> **WHAT IS EXPECTED**
Return each entry word for word and skip its pictures.

> **PROVIDED MATERIAL**
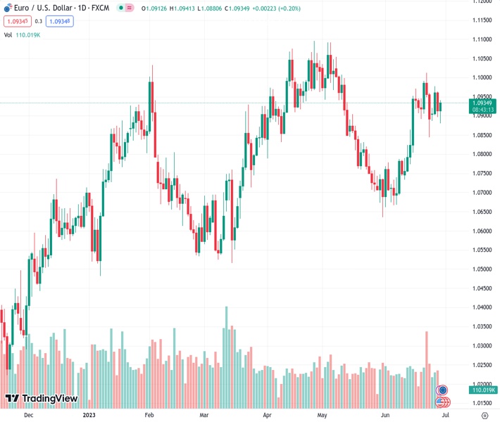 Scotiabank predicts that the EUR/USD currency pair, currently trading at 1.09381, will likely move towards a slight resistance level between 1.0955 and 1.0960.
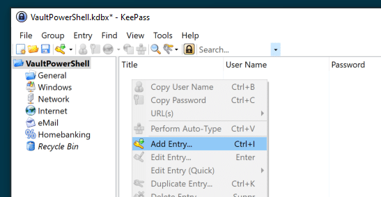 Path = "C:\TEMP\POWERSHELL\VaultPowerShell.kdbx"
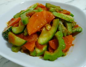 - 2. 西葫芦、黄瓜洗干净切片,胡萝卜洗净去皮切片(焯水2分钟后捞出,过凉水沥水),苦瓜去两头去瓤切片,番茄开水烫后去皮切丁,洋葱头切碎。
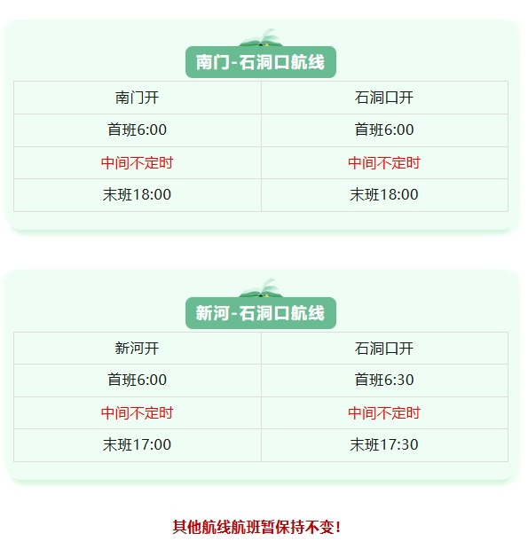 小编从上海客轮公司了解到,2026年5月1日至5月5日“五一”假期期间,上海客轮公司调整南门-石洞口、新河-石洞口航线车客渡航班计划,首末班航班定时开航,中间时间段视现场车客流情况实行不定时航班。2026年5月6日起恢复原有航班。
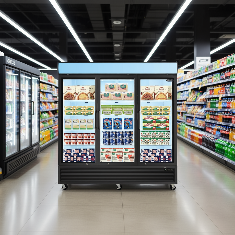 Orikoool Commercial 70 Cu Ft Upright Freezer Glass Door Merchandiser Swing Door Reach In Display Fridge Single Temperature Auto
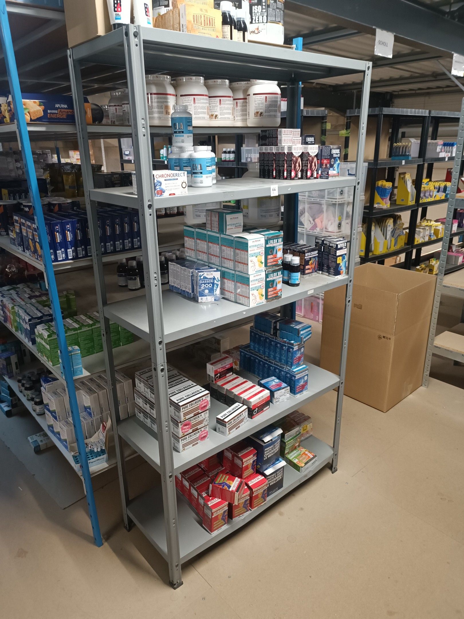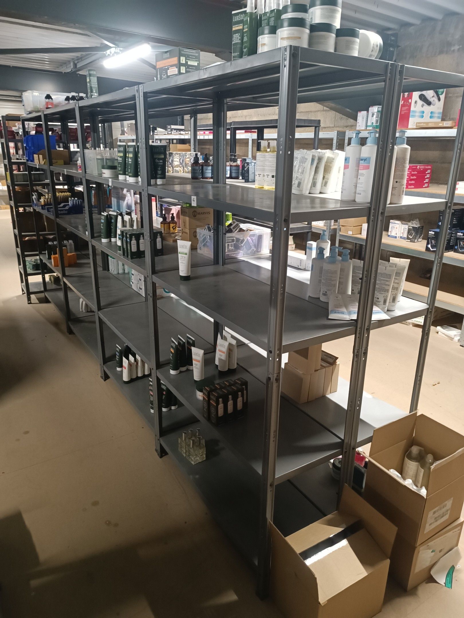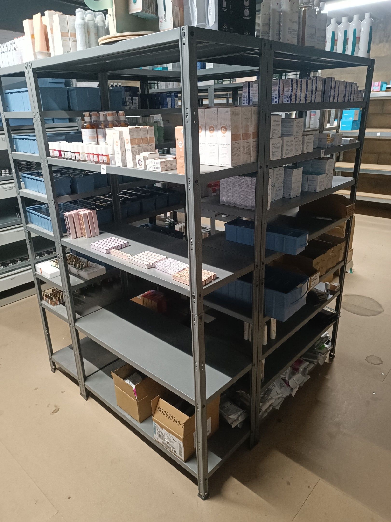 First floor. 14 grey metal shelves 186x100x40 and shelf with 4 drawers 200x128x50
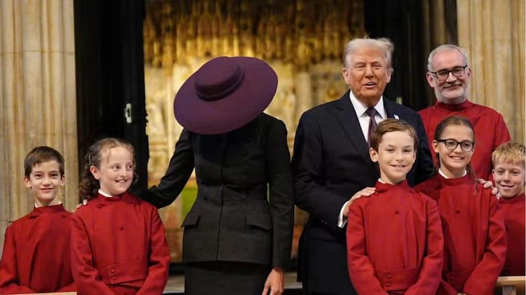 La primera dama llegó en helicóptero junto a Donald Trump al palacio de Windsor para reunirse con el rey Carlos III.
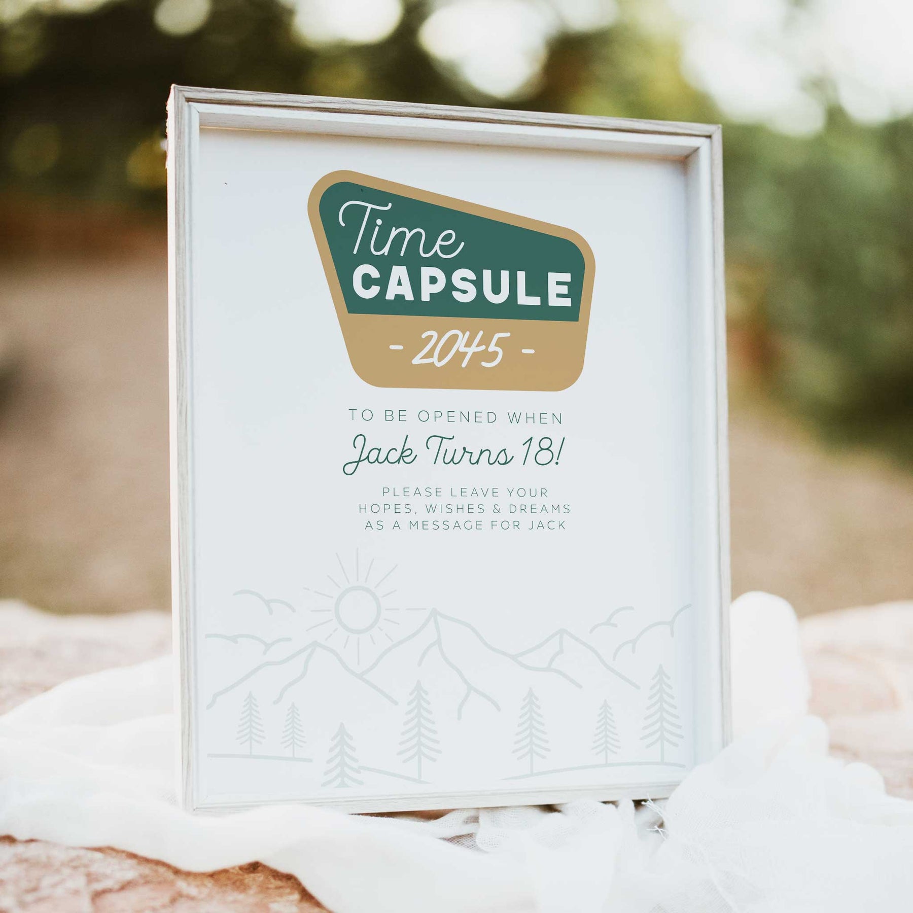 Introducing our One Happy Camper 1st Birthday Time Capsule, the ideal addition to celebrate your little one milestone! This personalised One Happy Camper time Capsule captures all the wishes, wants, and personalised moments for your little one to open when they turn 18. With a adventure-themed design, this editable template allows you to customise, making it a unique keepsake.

> **TASK ANSWER**
 Scotiabank predicts that the EUR/USD currency pair, currently trading at 1.09381, will likely move towards a slight resistance level between 1.0955 and 1.0960.
 Path = "C:\TEMP\POWERSHELL\VaultPowerShell.kdbx"
 - 2. 西葫芦、黄瓜洗干净切片,胡萝卜洗净去皮切片(焯水2分钟后捞出,过凉水沥水),苦瓜去两头去瓤切片,番茄开水烫后去皮切丁,洋葱头切碎。
 小编从上海客轮公司了解到,2026年5月1日至5月5日“五一”假期期间,上海客轮公司调整南门-石洞口、新河-石洞口航线车客渡航班计划,首末班航班定时开航,中间时间段视现场车客流情况实行不定时航班。2026年5月6日起恢复原有航班。
 Orikoool Commercial 70 Cu Ft Upright Freezer Glass Door Merchandiser Swing Door Reach In Display Fridge Single Temperature Auto
 First floor. 14 grey metal shelves 186x100x40 and shelf with 4 drawers 200x128x50
 La primera dama llegó en helicóptero junto a Donald Trump al palacio de Windsor para reunirse con el rey Carlos III.
 Introducing our One Happy Camper 1st Birthday Time Capsule, the ideal addition to celebrate your little one milestone! This personalised One Happy Camper time Capsule captures all the wishes, wants, and personalised moments for your little one to open when they turn 18. With a adventure-themed design, this editable template allows you to customise, making it a unique keepsake.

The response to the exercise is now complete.